[Saved data entries]
----

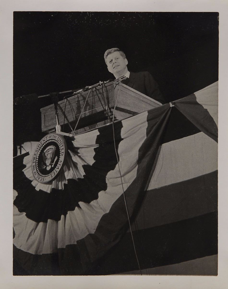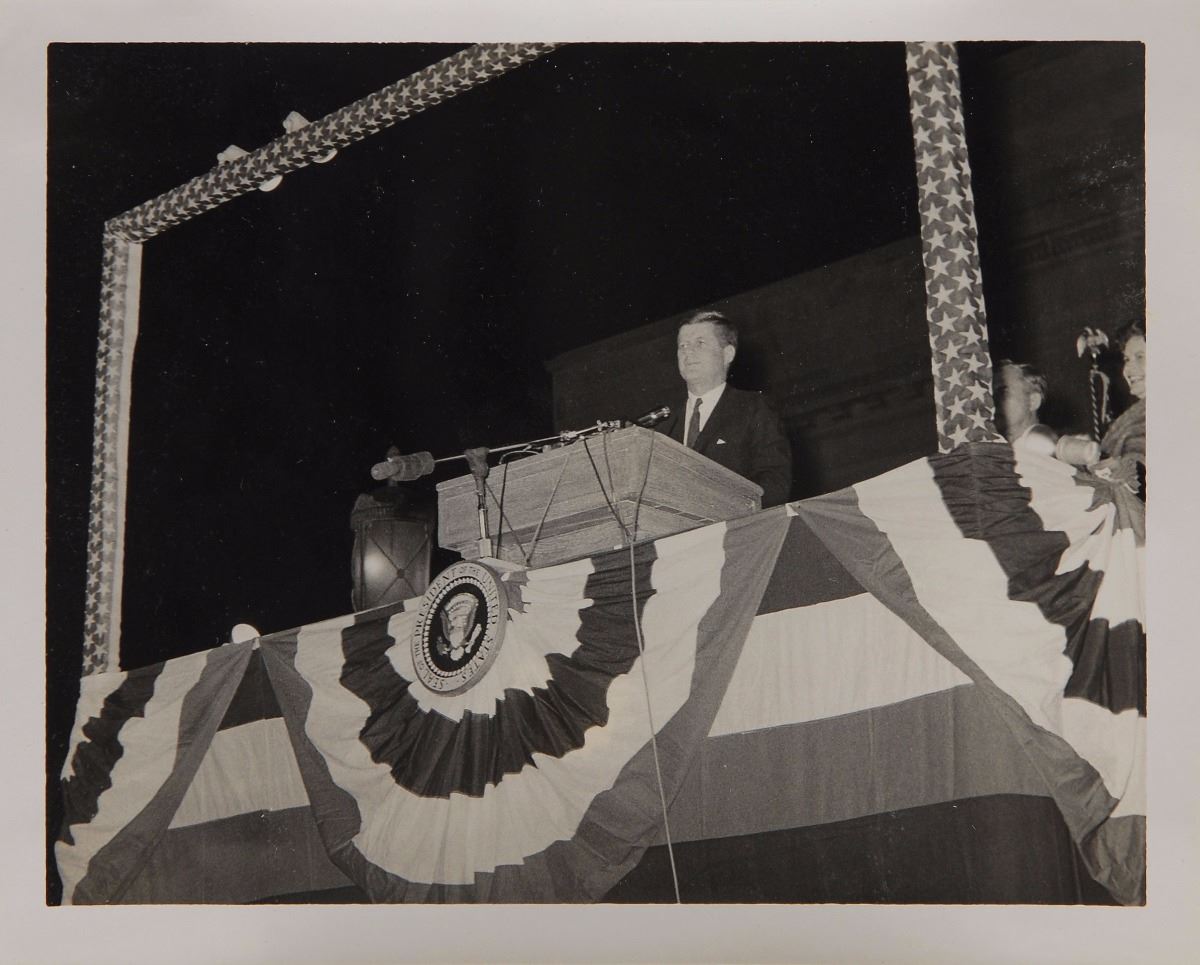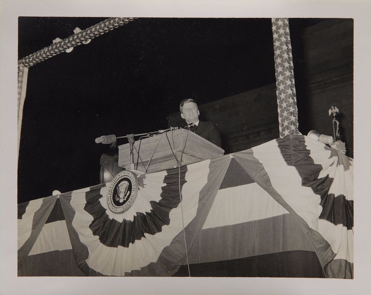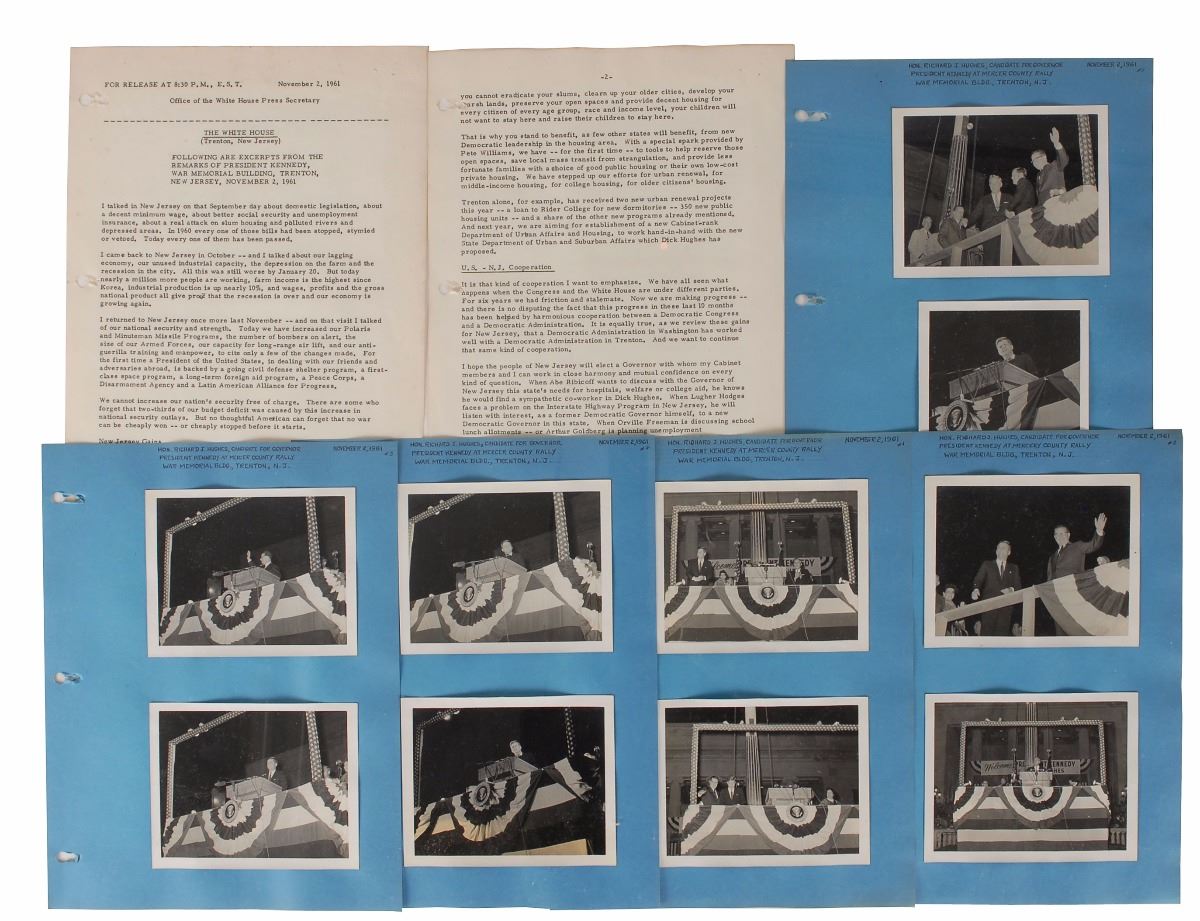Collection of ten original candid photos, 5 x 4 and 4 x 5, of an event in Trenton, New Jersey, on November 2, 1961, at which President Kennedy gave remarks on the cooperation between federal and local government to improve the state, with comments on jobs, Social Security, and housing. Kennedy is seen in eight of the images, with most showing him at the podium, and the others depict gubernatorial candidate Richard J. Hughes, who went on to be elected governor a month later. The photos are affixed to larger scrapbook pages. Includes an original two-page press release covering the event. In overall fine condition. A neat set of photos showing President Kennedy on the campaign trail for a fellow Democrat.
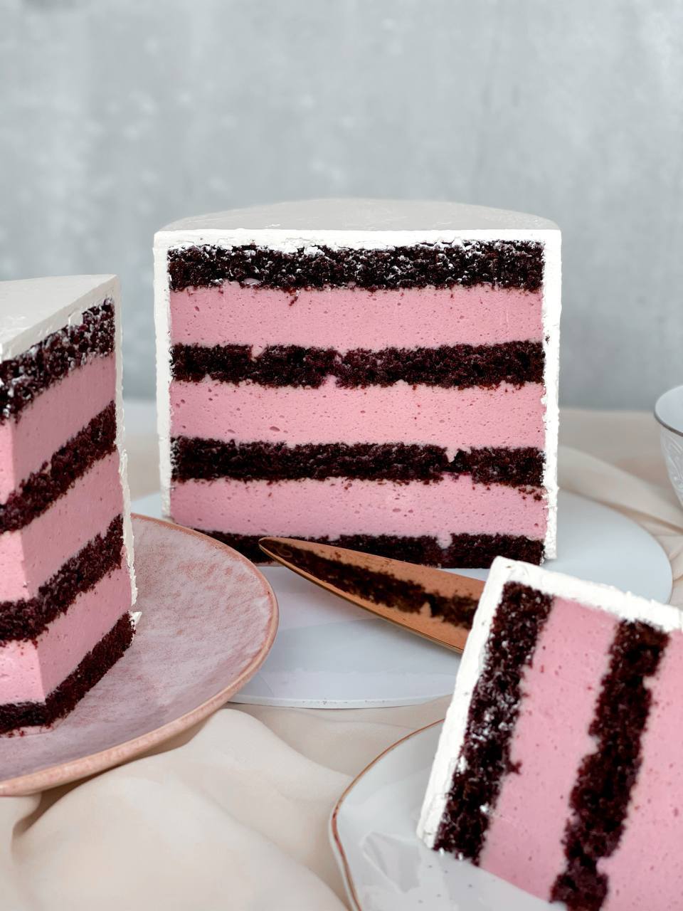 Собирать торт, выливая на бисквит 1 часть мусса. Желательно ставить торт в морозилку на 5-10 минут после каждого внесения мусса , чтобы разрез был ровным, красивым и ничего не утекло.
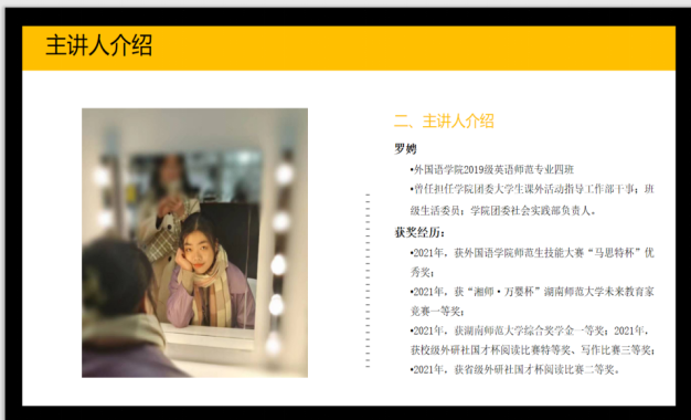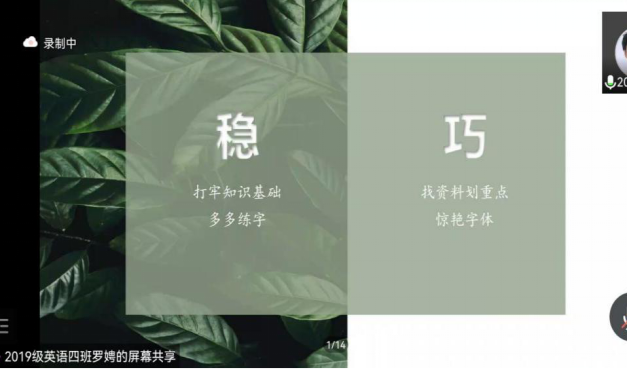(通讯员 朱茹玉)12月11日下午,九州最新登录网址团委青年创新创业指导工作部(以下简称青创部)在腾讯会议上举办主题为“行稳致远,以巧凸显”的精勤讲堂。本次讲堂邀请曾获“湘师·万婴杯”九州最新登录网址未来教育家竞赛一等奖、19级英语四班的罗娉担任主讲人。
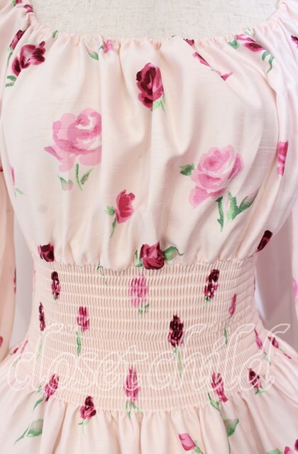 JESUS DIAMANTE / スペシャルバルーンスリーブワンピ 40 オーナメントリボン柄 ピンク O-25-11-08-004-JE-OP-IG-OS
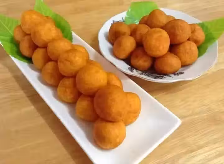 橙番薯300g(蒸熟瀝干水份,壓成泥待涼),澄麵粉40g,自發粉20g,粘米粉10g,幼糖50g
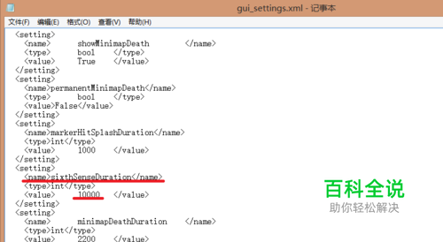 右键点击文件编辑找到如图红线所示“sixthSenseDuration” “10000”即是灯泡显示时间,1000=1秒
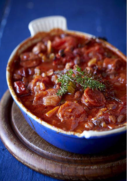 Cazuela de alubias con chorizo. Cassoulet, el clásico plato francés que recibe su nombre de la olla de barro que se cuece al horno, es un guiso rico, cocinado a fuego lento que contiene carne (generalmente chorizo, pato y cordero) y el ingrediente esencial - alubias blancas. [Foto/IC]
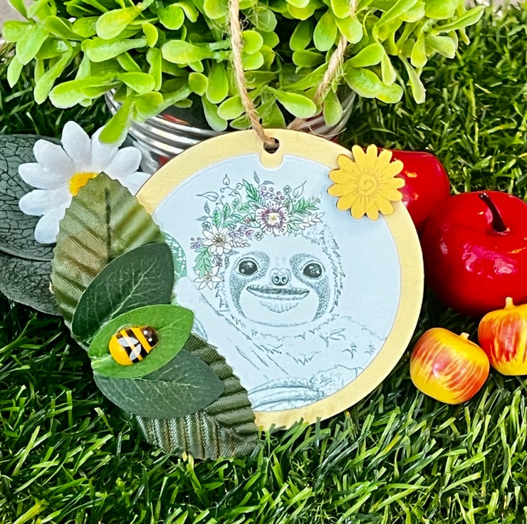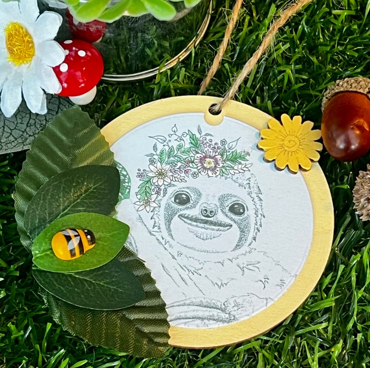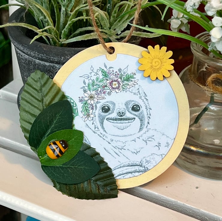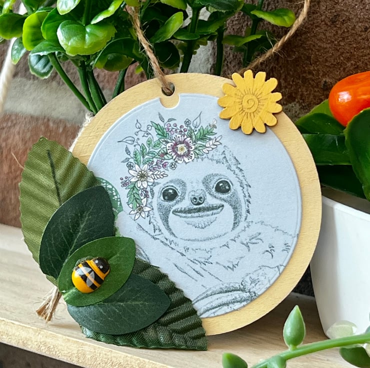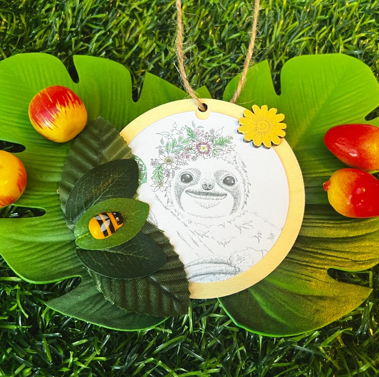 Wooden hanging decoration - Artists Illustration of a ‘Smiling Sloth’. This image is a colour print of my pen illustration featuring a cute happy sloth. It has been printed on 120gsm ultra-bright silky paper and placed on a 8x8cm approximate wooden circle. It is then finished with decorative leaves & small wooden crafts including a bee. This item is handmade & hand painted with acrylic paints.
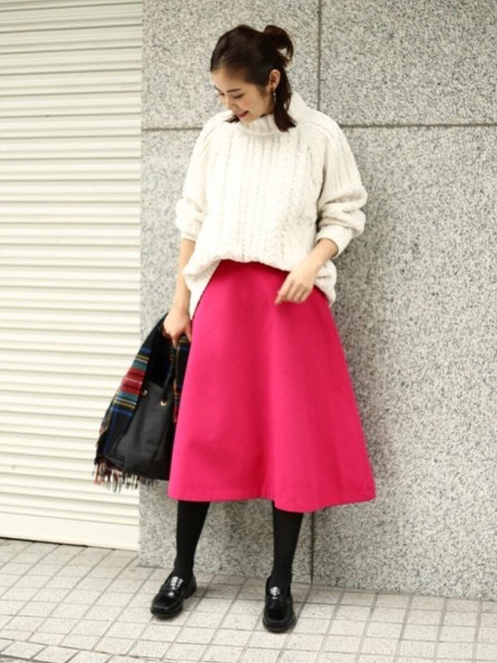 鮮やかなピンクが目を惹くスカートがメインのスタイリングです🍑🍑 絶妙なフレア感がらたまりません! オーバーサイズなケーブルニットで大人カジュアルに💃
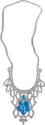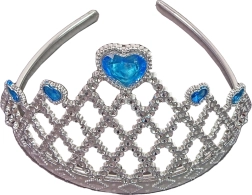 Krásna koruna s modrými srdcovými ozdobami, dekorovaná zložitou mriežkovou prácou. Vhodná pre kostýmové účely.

----

▶ Required work
Each line from the one that contains "JESUS DIAMANTE /" through the end of the records should be restated exactly; include both end lines and leave any pictures out.

▶ Task response
 JESUS DIAMANTE / スペシャルバルーンスリーブワンピ 40 オーナメントリボン柄 ピンク O-25-11-08-004-JE-OP-IG-OS
 橙番薯300g(蒸熟瀝干水份,壓成泥待涼),澄麵粉40g,自發粉20g,粘米粉10g,幼糖50g
 右键点击文件编辑找到如图红线所示“sixthSenseDuration” “10000”即是灯泡显示时间,1000=1秒
 Cazuela de alubias con chorizo. Cassoulet, el clásico plato francés que recibe su nombre de la olla de barro que se cuece al horno, es un guiso rico, cocinado a fuego lento que contiene carne (generalmente chorizo, pato y cordero) y el ingrediente esencial - alubias blancas. [Foto/IC]
 Wooden hanging decoration - Artists Illustration of a ‘Smiling Sloth’. This image is a colour print of my pen illustration featuring a cute happy sloth. It has been printed on 120gsm ultra-bright silky paper and placed on a 8x8cm approximate wooden circle. It is then finished with decorative leaves & small wooden crafts including a bee. This item is handmade & hand painted with acrylic paints.
 鮮やかなピンクが目を惹くスカートがメインのスタイリングです🍑🍑 絶妙なフレア感がらたまりません! オーバーサイズなケーブルニットで大人カジュアルに💃
 Krásna koruna s modrými srdcovými ozdobami, dekorovaná zložitou mriežkovou prácou. Vhodná pre kostýmové účely.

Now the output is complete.